Following years of global economic instability, rising interest rates, and geopolitical upheavals, dealmaking in African markets is shifting into a new stage characterised by consolidation, increased capital flows, and escalating investor confidence.
Although global M&A activity slowed in 2025, Africa continued to attract strategic investment, driven by long-term fundamentals: a youthful and growing consumer base, abundant natural resources, increasing digital adoption, and ongoing regional integration. According to the UN Conference on Trade and Development (UNCTAD), foreign direct investment flows into Africa reached about USD 53 billion in recent years, showing sustained investor interest across infrastructure, technology, and natural resources.
As macroeconomic conditions stabilise and investment appetite returns, 2026 is expected to be a year of renewed momentum for dealmaking across the continent. The new question is no longer who can raise next, but who can survive, consolidate, and build advantage under tighter conditions.
We examines the forces shaping Africa’s M&A landscape in 2026, from private capital and cross-border investment to sector consolidation and regulatory changes, and what they mean for investors, businesses, and policymakers navigating the continent’s evolving economic environment.
A Market Repositioning for Growth
Africa’s M&A landscape has traditionally been characterised by opportunistic investments in high-growth sectors. Today, the market is increasingly driven by strategic consolidation, as companies seek scale, operational efficiencies, and regional expansion.
Businesses across industries, from banking and telecommunications to energy and logistics, are pursuing acquisitions and joint ventures to bolster their market positions and unlock economies of scale. For many organisations, mergers and acquisitions are becoming vital tools to navigate rising operational costs, fragmented markets, and escalating competition.
At the same time, African companies are increasingly expanding beyond their domestic markets. Regional champions are engaging in cross-border transactions to access new consumer markets and diversify revenue streams, reflecting the rising influence of pan-African business strategies.
Private Capital Returns to the Continent
Private equity firms, sovereign wealth funds, and development finance institutions remain among the most active players in African dealmaking.
Over the past ten years, private capital has played a crucial role in supporting business growth across sectors such as financial services, consumer goods, healthcare, and technology. Data from the African Private Equity and Venture Capital Association (AVCA) shows that billions of dollars are invested annually across hundreds of deals, reflecting the increasing maturity of Africa’s private investment ecosystem.
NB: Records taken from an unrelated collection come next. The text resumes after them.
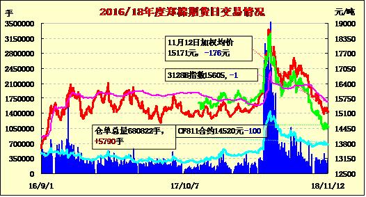 11月12日,隔夜鄭棉沖高下滑,今日早盤探低回升后盤整,日線形成小陰線。日內(nèi)成交量放大,持倉量增加。基本面情況:截至2018年11月11日,新疆棉花累計加工量230.5萬噸,同比減幅5.9%,其中,地方棉花加工量153.8萬噸,同比減幅4.3%,兵團棉花加工量76.7萬噸,同比減幅8.9%。當日加工量6.2萬噸。
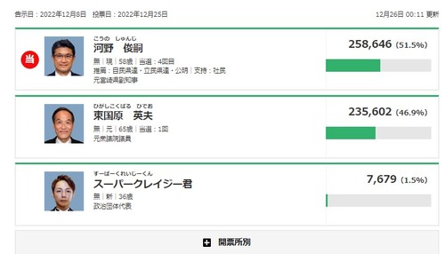 宮崎県知事選、接戦の末に現職がギリ勝利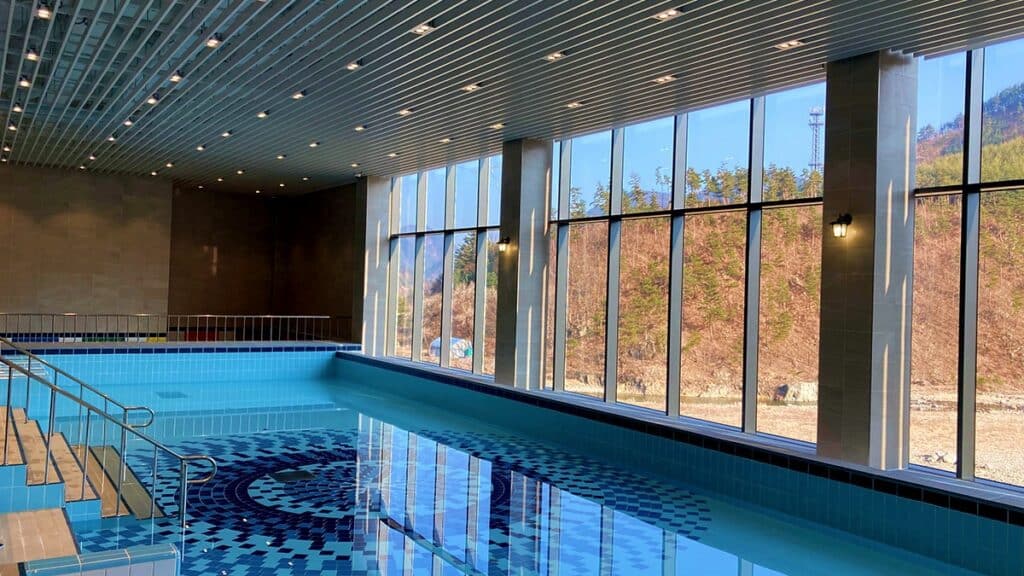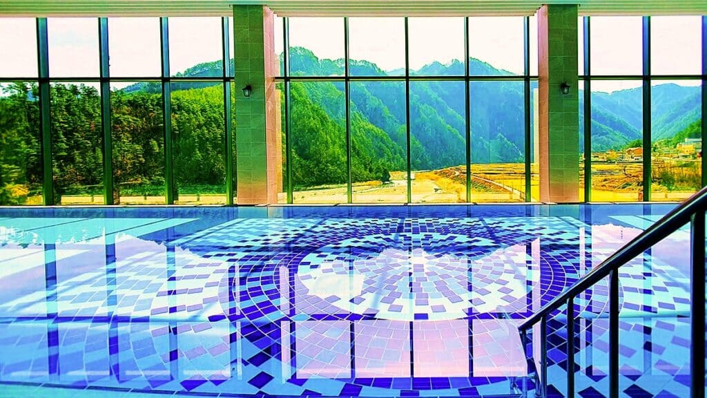 청정 자연 속에 자리해 주변 경관 또한 뛰어나며 공기마저 상쾌하다. 가장 큰 특징은 피부 트러블 완화와 혈액 순환에 효과가 있는 것으로 알려진 유황 온천수를 활용한다는 점이다.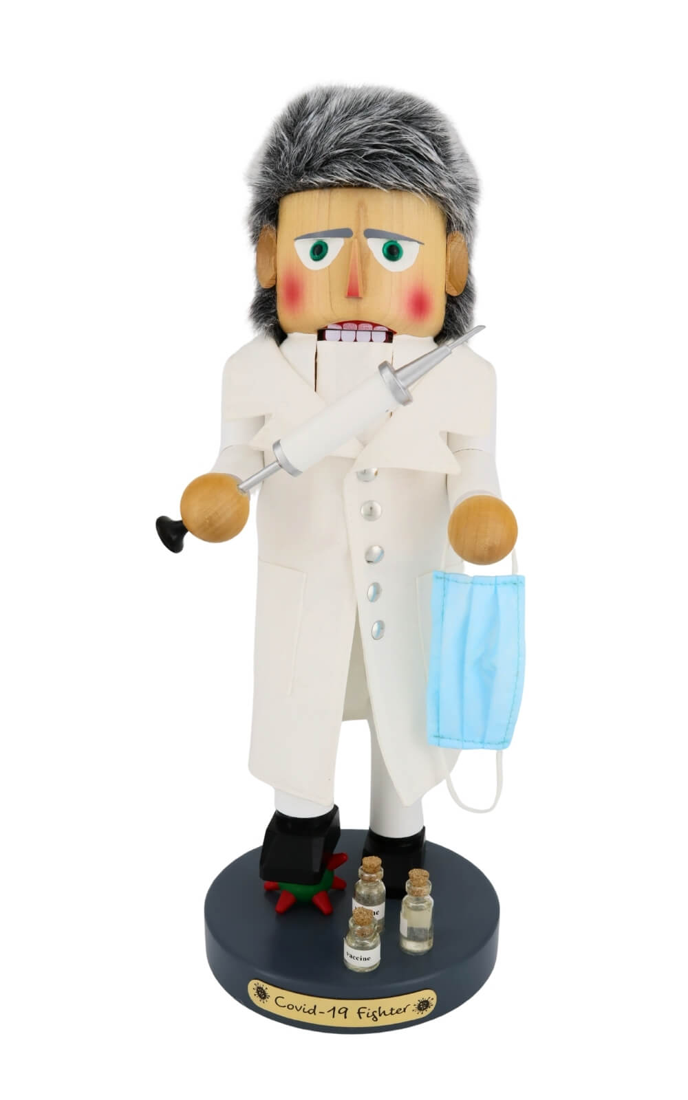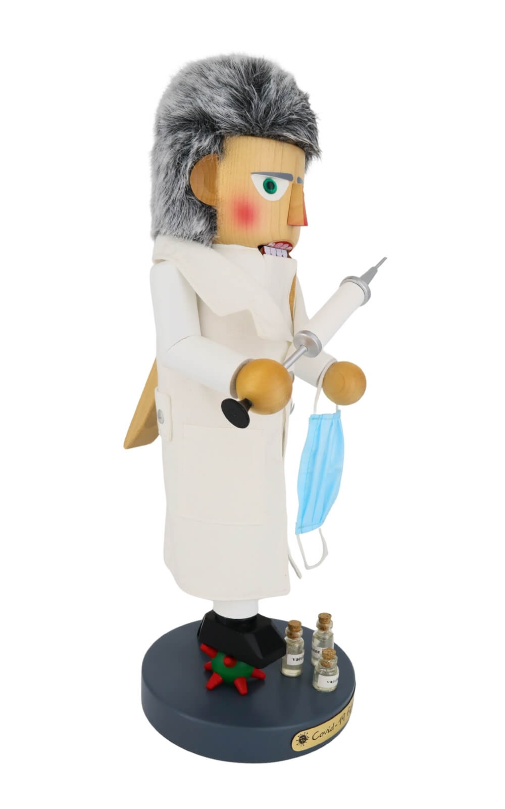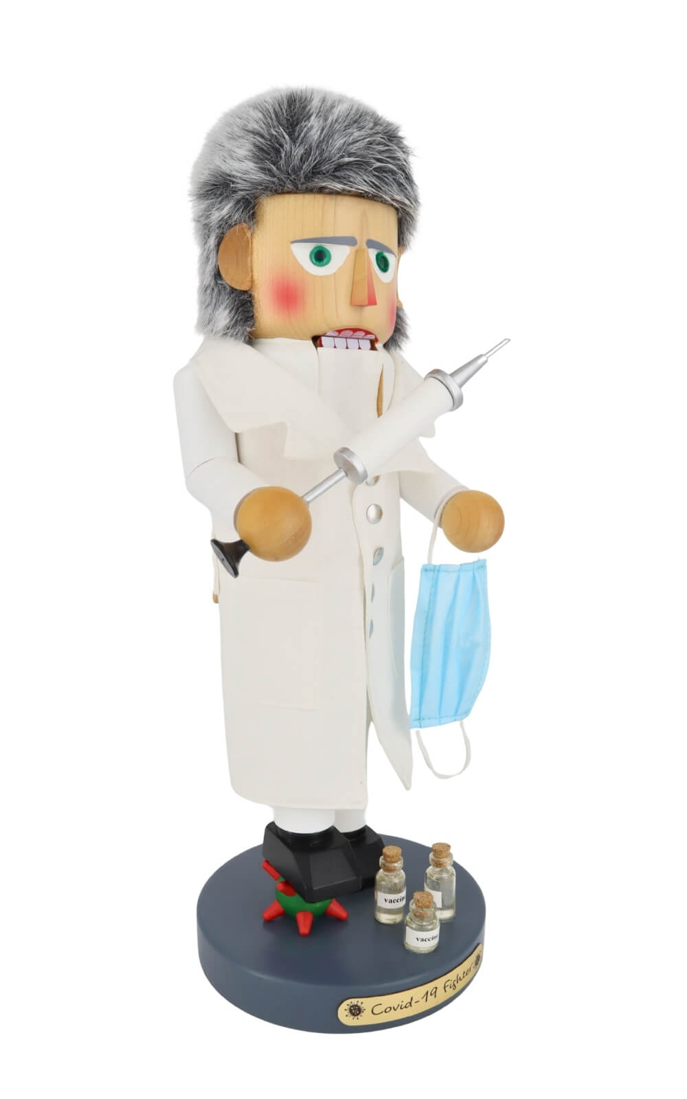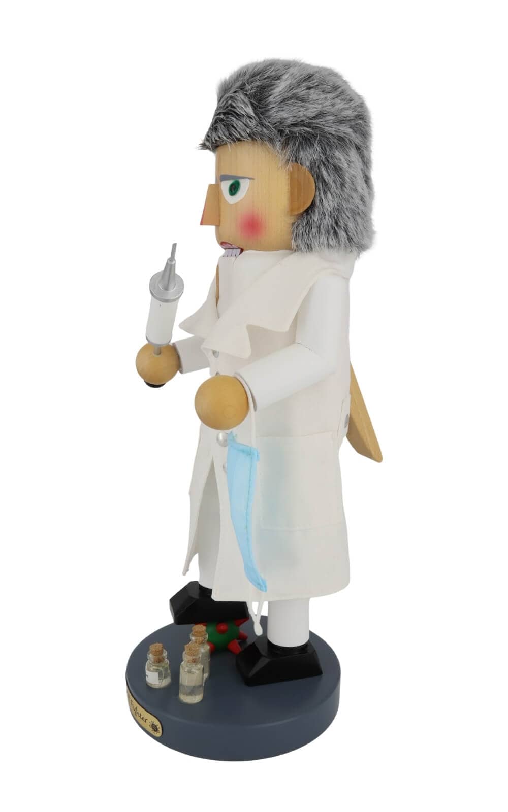 Der Nussknacker Arzt, 40 cm von Steinbach trägt seine Berufung förmlich zur Schau: In der rechten Hand hält er eine große Spritze, in der linken eine blaue Schutzmaske. Auf dem Sockel stehen kleine Impfstofffläschchen – ein liebevolles Detail, das seine Rolle als Virologe und Helfer unterstreicht. Die Nussknacker-Holzfigur trägt graues Haar und steht fest auf einem blauen Sockel. Besonders auffällig: Unter einem Schuh zertritt er symbolisch ein Virus-Modell – ein humorvoller, aber klarer Verweis auf seine Aufgabe, sich für die Gesundheit einzusetzen.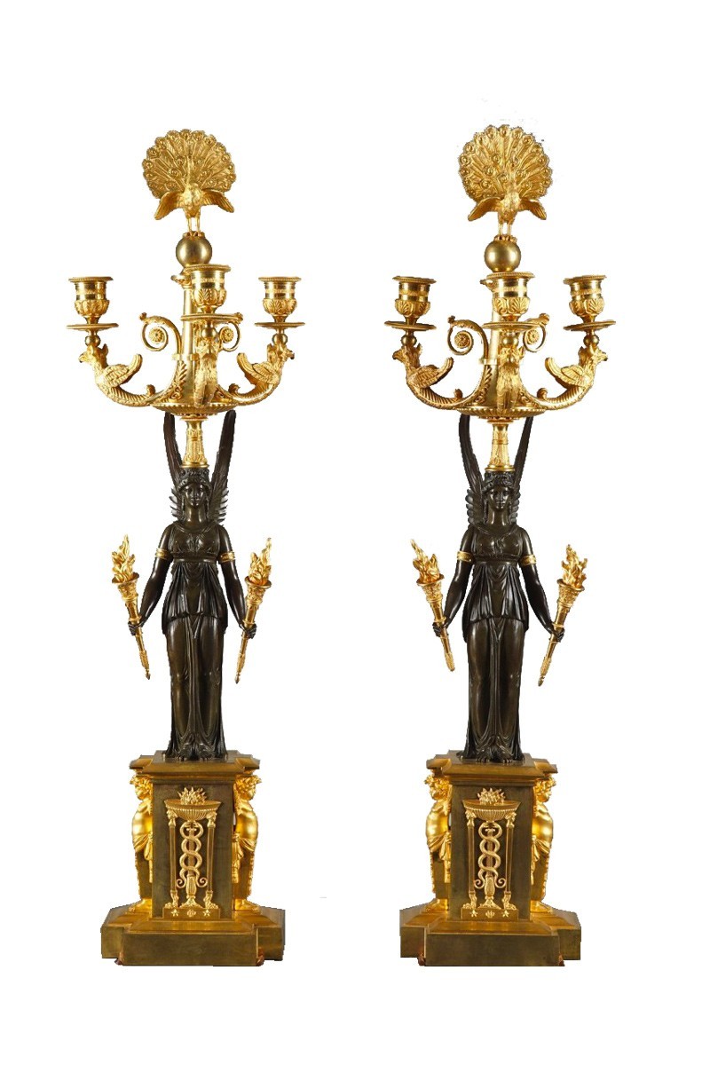 An important pair of gilt and chiselled bronze three-light candelabra decorated with griffons and rosette, the patinated bronze stem adorned with winged Victory holding ormolu torches. The set is topped by a peacock on a globe, solar symbol and sign of immortality. Cruciform base decorated with caduceus, two interlaced snakes and winged putti. Attribute of Mercury or Hermes in Antiquity, the caduceus is the symbol of peace, eloquence and trade. Empire period. Very good condition.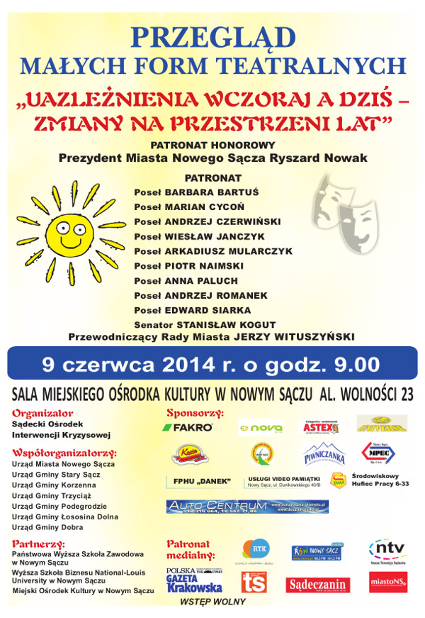 W poniedziałek 9 czerwca w Miejskim Ośrodku Kultury, pod patronatem Prezydenta Miasta Nowego Sącza Ryszarda Nowaka, odbędzie się XIV Przegląd Małych Form Teatralnych - "PRZEBUDZENIE 2014". Tegoroczne hasło przeglądu to: "Uzależnienia wczoraj i dziś - zmiany na przestrzeni lat".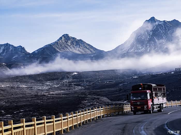 高山下的云雾让山峰显得更挺拔。路上的发货挺多的,我说在的这个地方是大巴车休息点。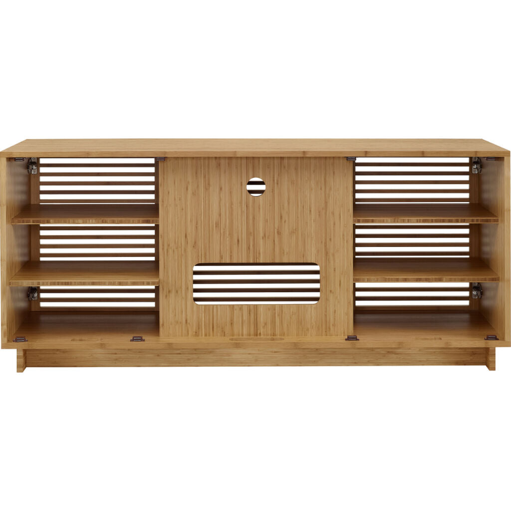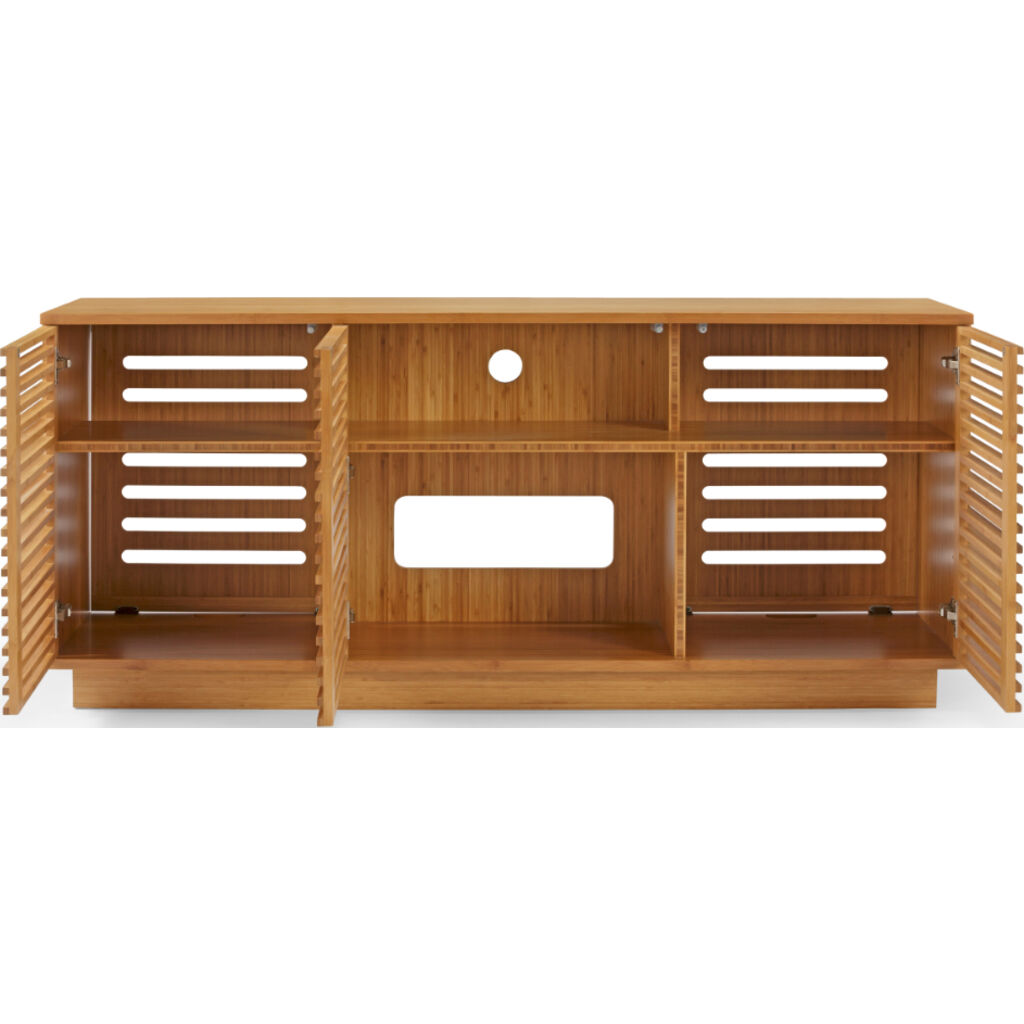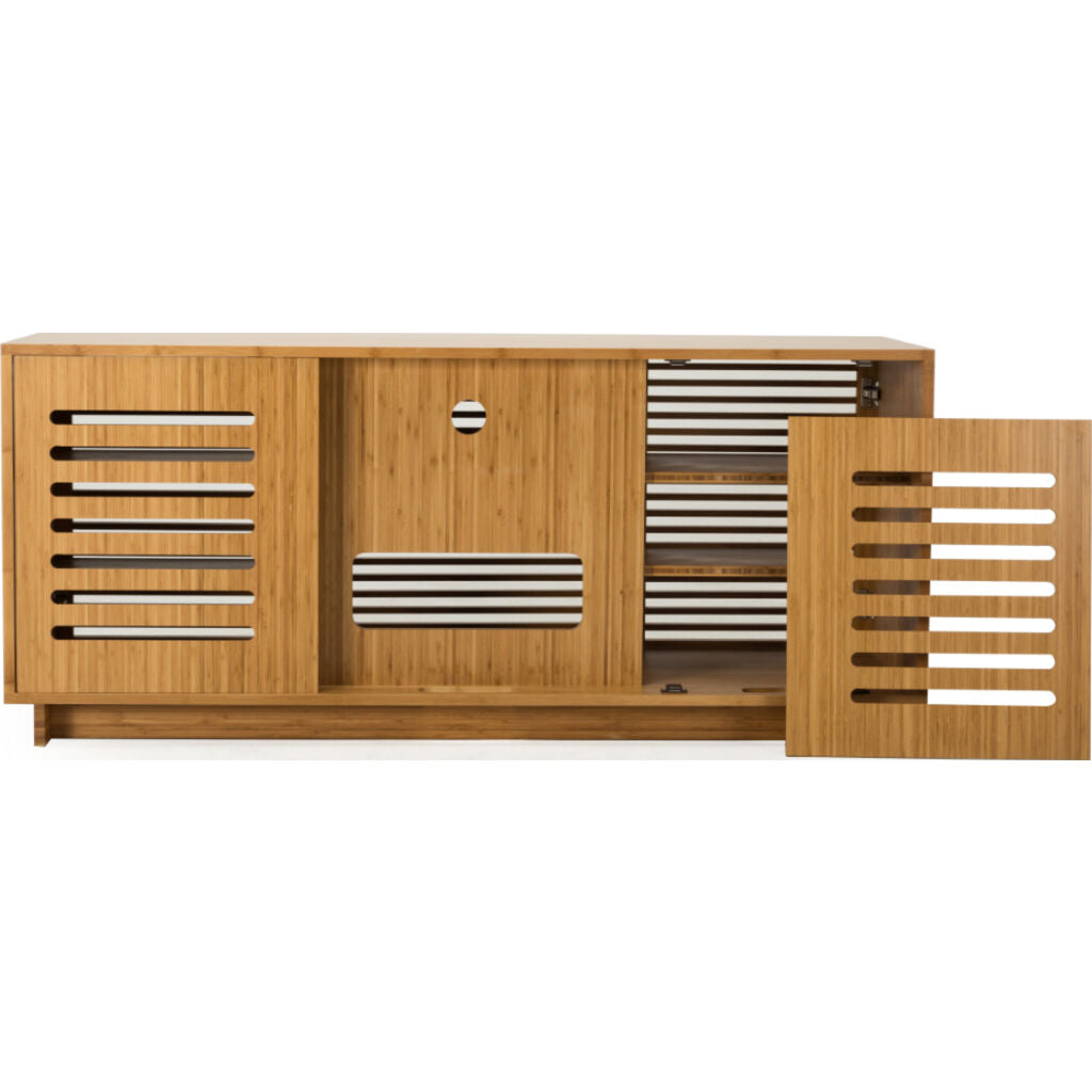 Greenington’s high performance Rowan media cabinet allows easy remote access to your media, yet keeps components hidden out of view behind beautiful louvered doors. Easy to use, the back of the media cabinet is as accessible as the front, via ventilated rear panels that can be completely removed for clear access to your cables, wiring and media components. Generous flow thru ventilation for heat control. Crafted in solid bamboo, the planet’s most eco-friendly and rapidly renewable resource.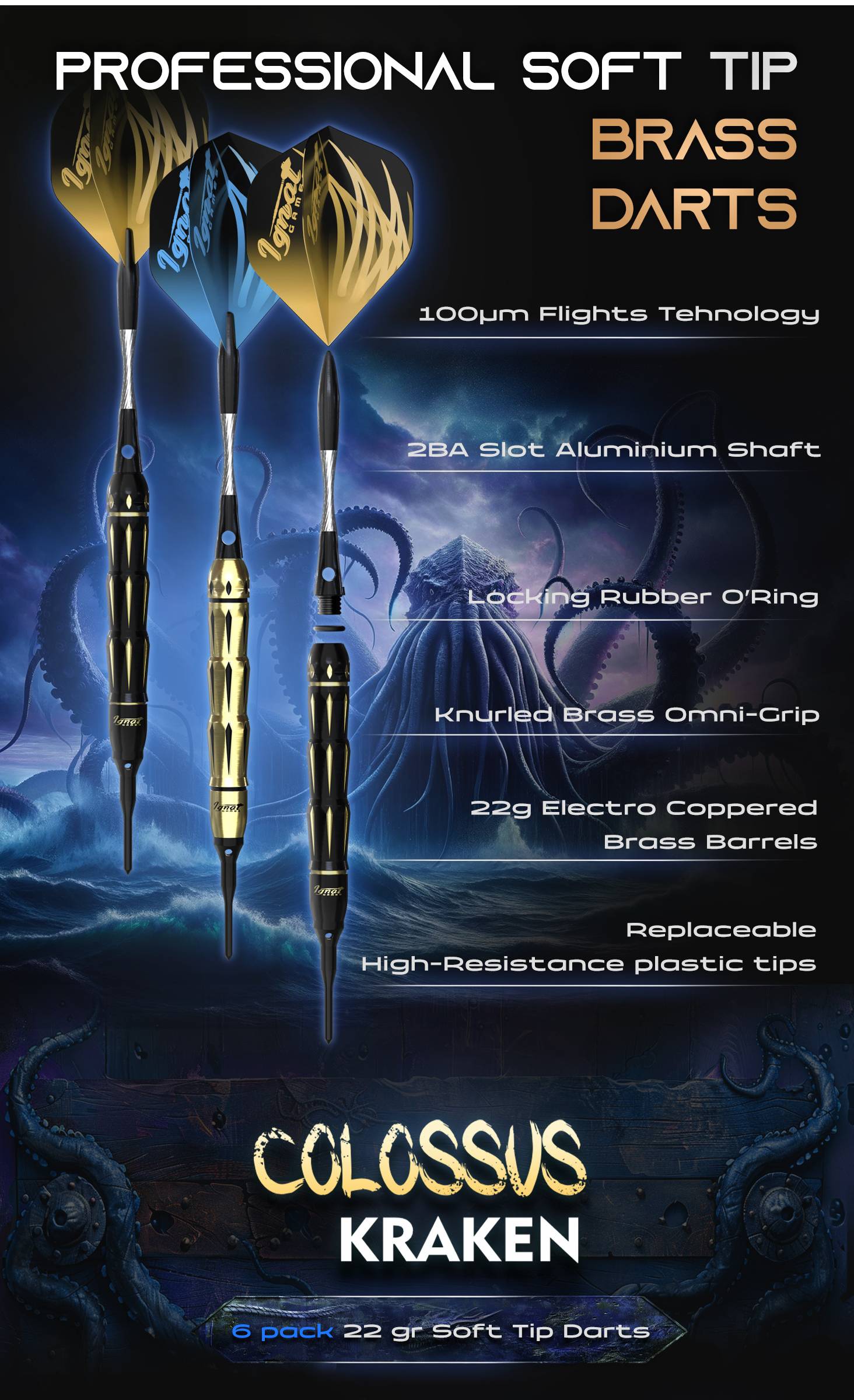 Soft Tip Darts 6 Pack Set - Colossus Kraken 22 grams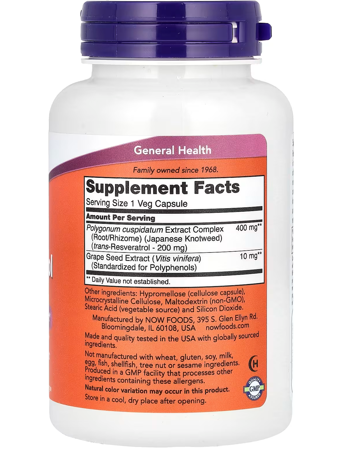 Ресвератрол — це поліфенол, який природним чином міститься в шкірці червоного винограду, деяких ягід та інших рослин. Нещодавні дослідження довели, що ресвератрол допомагає підтримувати здорову роботу серцево-судинної системи. Ресвератрол найбільш відомий своїми клітинними антивіковими властивостями, а також здатністю підтримувати здорову реакцію на біологічний стрес.

Global advisory firm Boston Consulting Group further estimates that private capital targeting African markets could surpass USD 100 billion in assets under management within the next decade, highlighting sustained investor confidence in the continent’s long-term growth prospects.
“Private capital continues to influence Africa’s long-term development. Despite fluctuations in global markets, the core factors of Africa’s economies, including demographics, urbanisation, and digital adoption, remain key drivers of investment,” highlights Achiaa Akobour Debrah, Partner, n. dowuona & Company (ALN firm in Ghana).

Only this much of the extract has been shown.